▶ Stored dataset items:

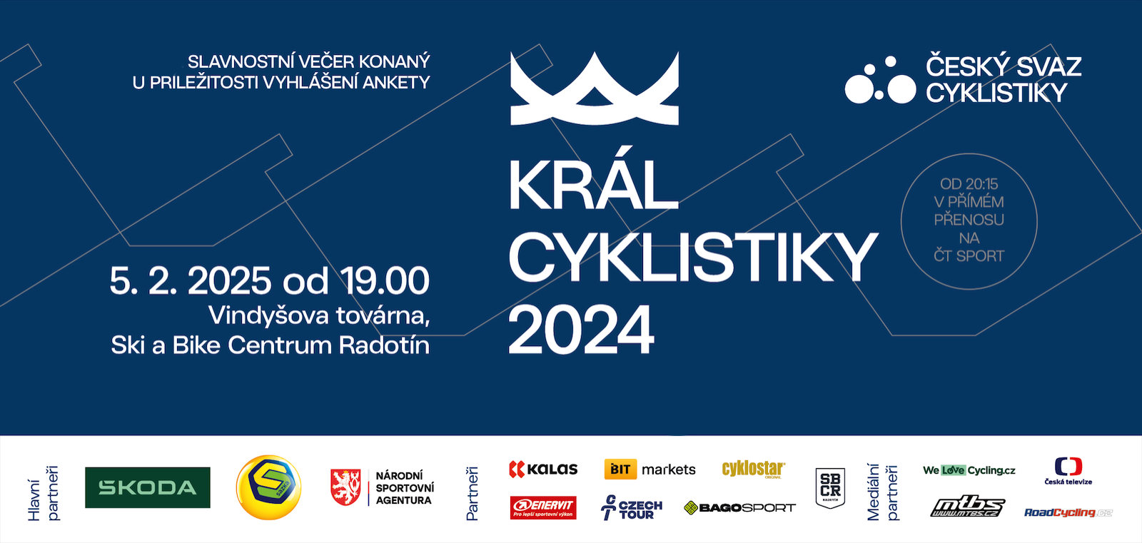 Hlavními partnery galavečera večera jsou společnost ŠKODA AUTO a.s. – generální partner Českého svazu cyklistiky, společnost Sazka a.s. – exkluzivní partner Českého svazu cyklistiky a Národní sportovní agentura – institucionální partner Českého svazu cyklistiky.
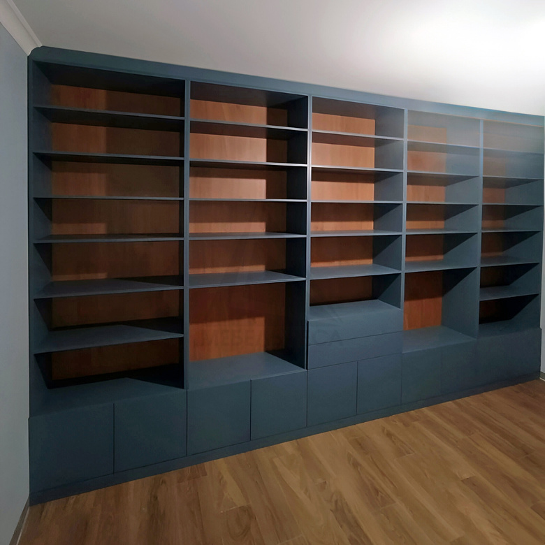 Книжный стеллаж в синем цвете. Верхняя часть - открытые полки с книжной раскладкой, нижние фасады - с механизмом push-to-open.
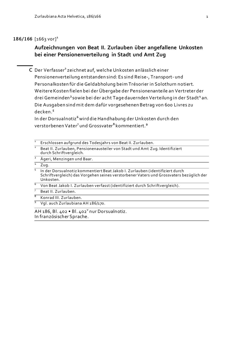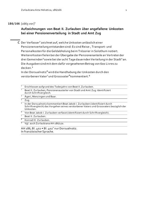 Aufzeichnungen von Beat II. Zurlauben über angefallene Unkosten bei einer Pensionenverteilung in Stadt und Amt Zug
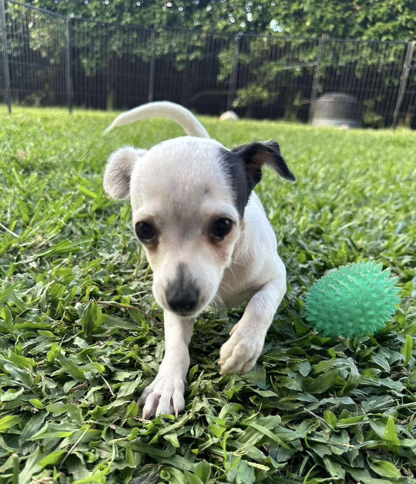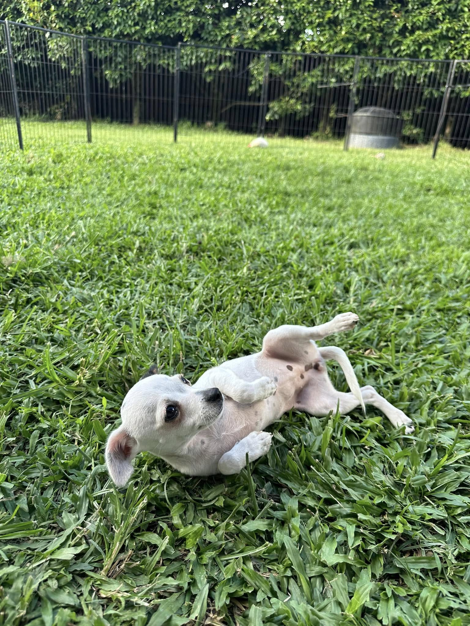 I am learning to come to my name and get very excited seeing my foster brothers and sister dog and the cat I am fine with also it’s just the chickens I’m not quite sure of so far.
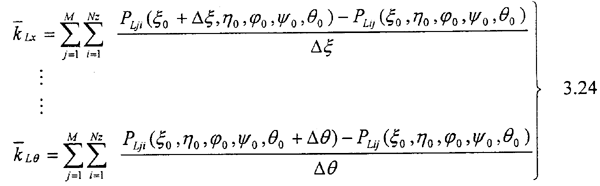0,ψ0,θ0)。如果沒有達(dá)到精度則修改θ0值重復(fù)以上計(jì)算。得到靜平衡位置后再利用式3.24求得25個(gè)剛度系數(shù)。
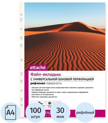 <nobr>Файл-вкладыш</nobr> Attache формата А4, предназначенный для хранения и защиты печатных документов. Поверхность рифленая. Позволяет копировать документы, не вынимая их из папки. Изготовлен из полипропиленовой пленки (толщина 30 мкм). Внутренний размер 303×215 мм. Боковая перфорация подходит для разных типов скоросшивателей. В упаковке содержится 100 файлов. Каждый<nobr>файл-вкладыш</nobr> вмещает около 40 листов стандартной плотности. Нанесение логотипа возможно только на перфорации, на самом файле нет. Стоимость указана за упаковку.</p> В рамках обновления дизайна упаковки с сохранением всех потребительских характеристик товара, допускается поставка данной продукции в двух вариантах дизайна упаковки.
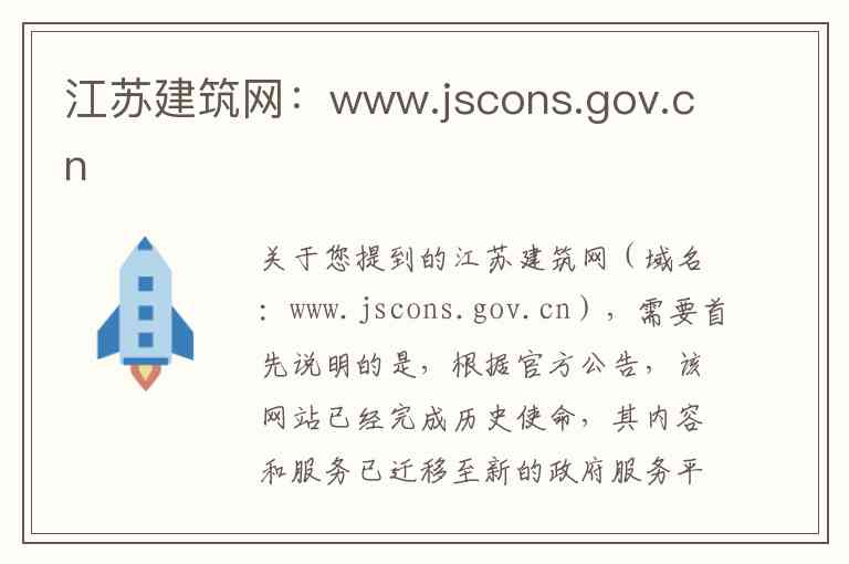 关于您提到的江苏建筑网(域名:www.jscons.gov.cn),需要首先说明的是,根据官方公告,该网站已经完成历史使命,其内容和服务已迁移至新的政府服务平台。以下是基于公开信息的详细说明。
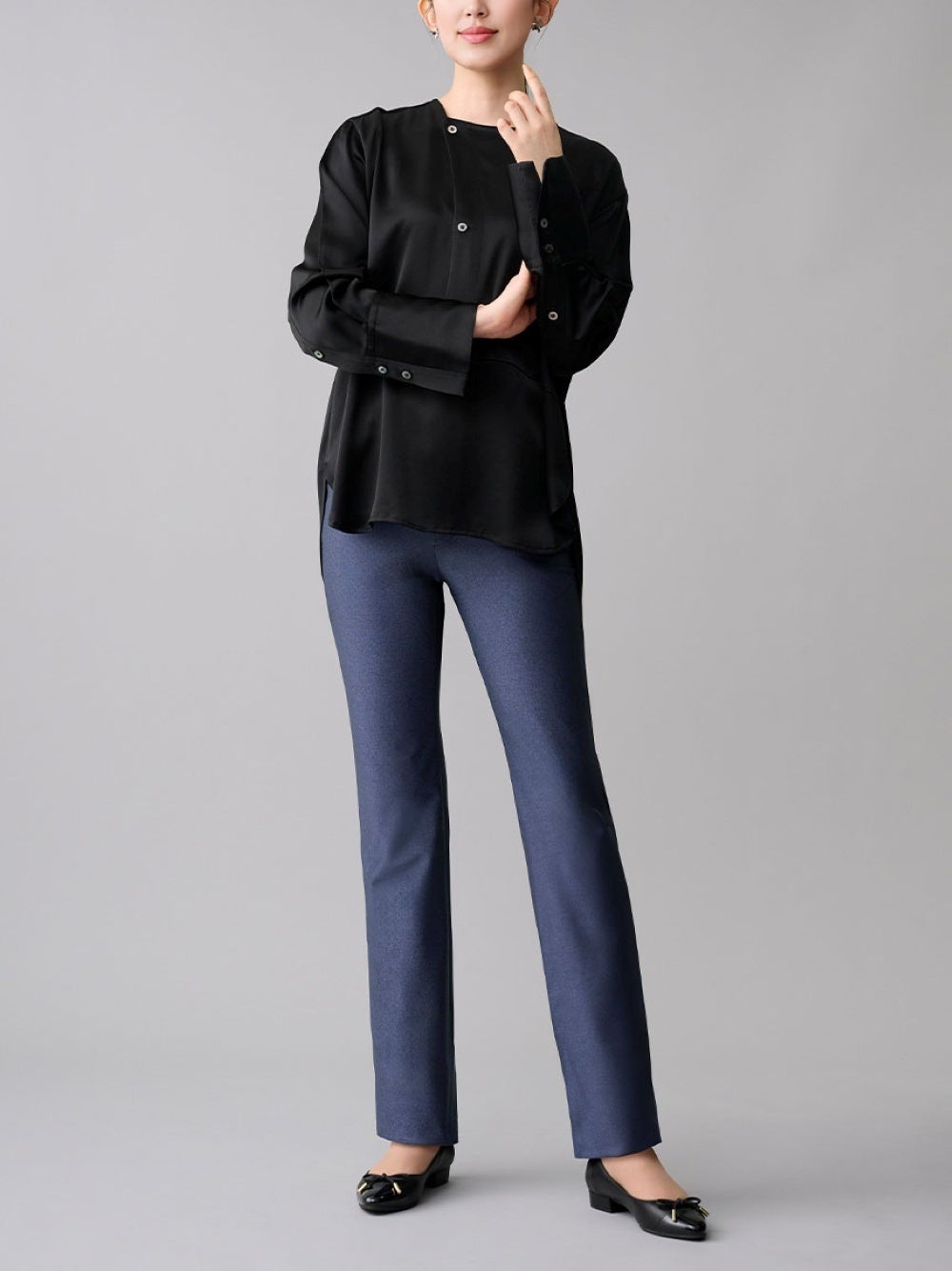 ”3Dメイクアップ加工”で美脚見え。ラグジュアリーな大人のストレートパンツ■製品名:シャイニーシャドウ・ストレート
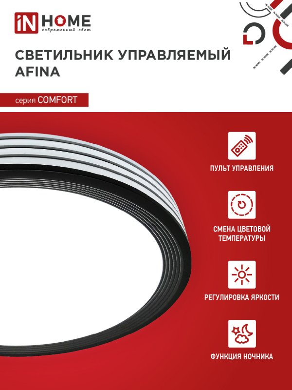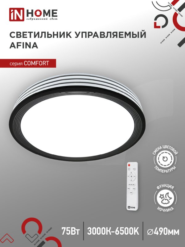 Назначение и применение Светильник светодиодный COMFORT AFINA 75Вт 230В 3000-6500K 6000Лм 490×90мм с пультом ДУ IN HOME
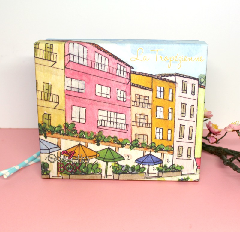 Comme tous les mois, le design est assorti au thème et la box de ce mois ci est toute mignonne avec son dessin coloré ! My Sweetie box est accompagnée du My Sweetie Mag et contient 5 produis et 1 bonus au top pour les vacances avec le thème “La Tropézienne” :
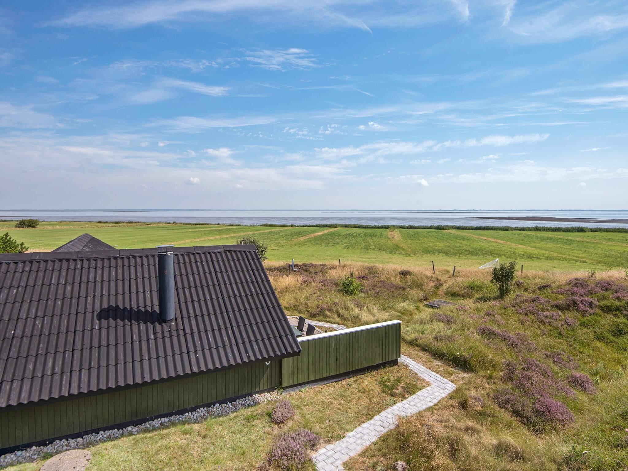 Ferienhaus mit Panoramaausblick zum Wattenmeer, inmitten landschaftlich reizvoller Umgebung bei Kromose gelegen. Im Ferienhaus gibt es eine offen in den Wohnbereich integrierte Küche mit Geschirrspüler, nebenan im Wohnzimmer steht ein Holzofen für kühlere Tage bereit. Von dort hat man auch Zugang zur teilweise überdachten Terrasse, von wo aus Sie die Zugvögel beobachten können. Im Haus zudem ein Badezimmer mit Dusche und drei Schlafzimmer. Auf dem großen Naturgrundstück stehen zwei Fußballtore bereit. Zudem ist das Haus kinderfreundlich mit Kinderbett und Hochstuhl ausgestattet.
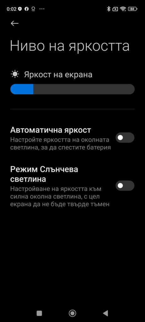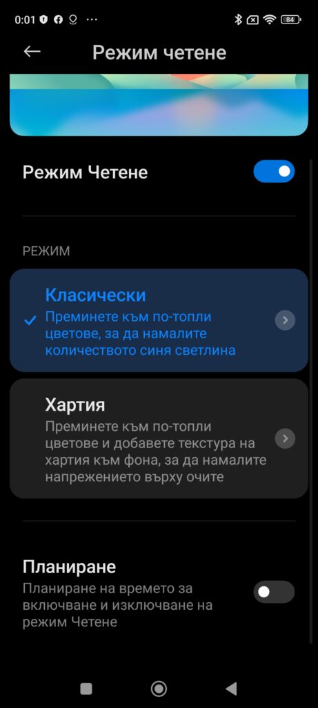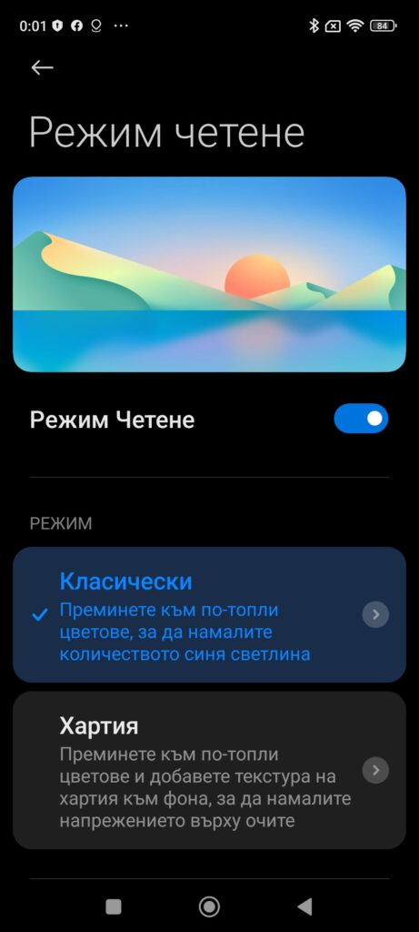 Разполага с филтър за синя светлина, режим за четене с имитация на хартиена текстура и режим за ползване при ярка светлина, като на плажа. За да превключите на него – трябва да влезете в настройките на дисплея и да изключите автоматичната яркост.
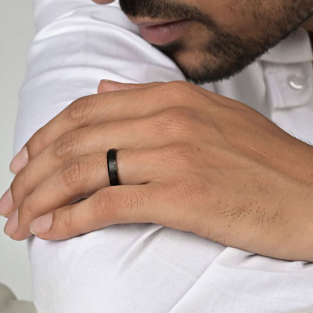 Embrace the trend of ring stacking by pairing the Gradient Band Men's Ring with other rings of different styles and materials. Experiment with contrasting textures and colors to create a unique and personalized look. Pair it with matte-finished or textured rings to create a visual contrast that adds depth and interest to your overall style.
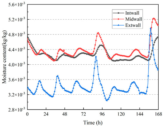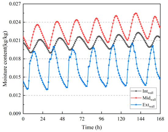 The building was built in only one year, and a large amount of moisture was retained inside the wall; therefore, the moisture content was highest in the middle of the wall. According to Figure 10 and Figure 12, the larger the temperature fluctuation, the greater the moisture content fluctuation at the corresponding position inside the wall.
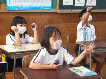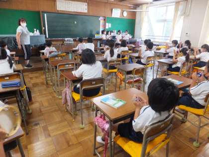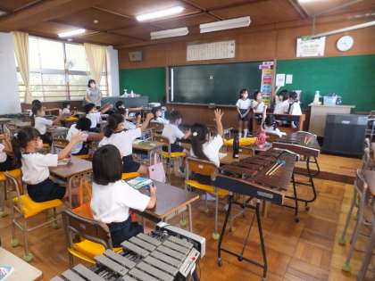 2年生は、音楽の授業でした。曲に合わせて、カスタネットやタンブリンを演奏していました。子供たちが自分で作ったオリジナルのリズムのようでした。みんな笑顔でとても楽しそうでした。
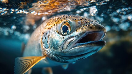 closeup of a salmon fish its scales shimmering under the waters surface in a vibrant aquaculture setting the image invites viewers to appreciate the beauty and detail of farmed fish
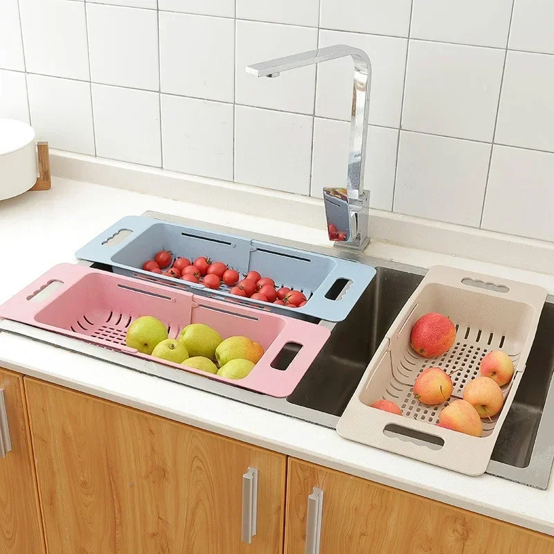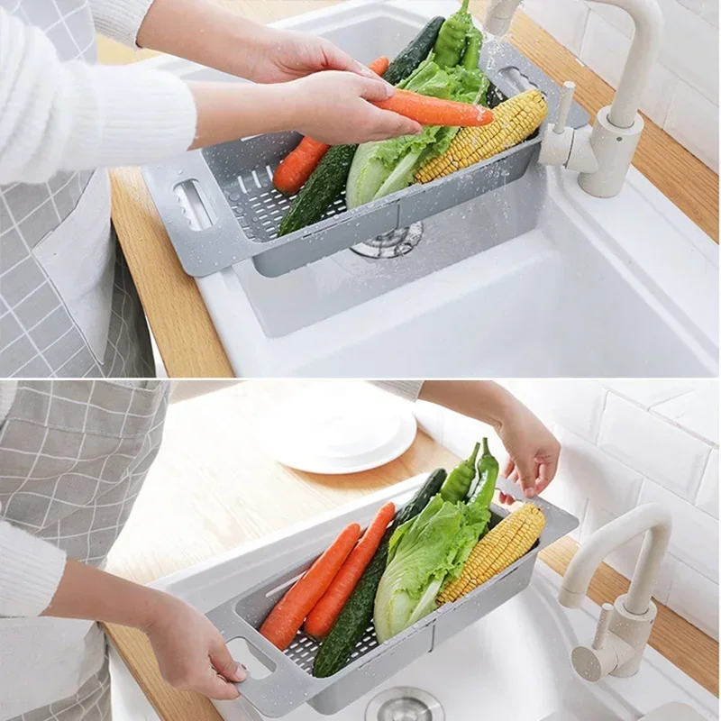 Égouttoir à vaisselle réglable, panier de vidange d’évier, lavage des légumes et des fruits, support de séchage en plastique, organisateur d’accessoires de cuisine

▶ What you are asked to do:
The answer must be an exact copy of the lines above, from the start of the records through the line with "0,ψ0,θ0)。如果沒有達", and of nothing else; no pictures belong in it.

▶ Answer space:
 Hlavními partnery galavečera večera jsou společnost ŠKODA AUTO a.s. – generální partner Českého svazu cyklistiky, společnost Sazka a.s. – exkluzivní partner Českého svazu cyklistiky a Národní sportovní agentura – institucionální partner Českého svazu cyklistiky.
 Книжный стеллаж в синем цвете. Верхняя часть - открытые полки с книжной раскладкой, нижние фасады - с механизмом push-to-open.
 Aufzeichnungen von Beat II. Zurlauben über angefallene Unkosten bei einer Pensionenverteilung in Stadt und Amt Zug
 I am learning to come to my name and get very excited seeing my foster brothers and sister dog and the cat I am fine with also it’s just the chickens I’m not quite sure of so far.
0,ψ0,θ0)。如果沒有達(dá)到精度則修改θ0值重復(fù)以上計(jì)算。得到靜平衡位置后再利用式3.24求得25個(gè)剛度系數(shù)。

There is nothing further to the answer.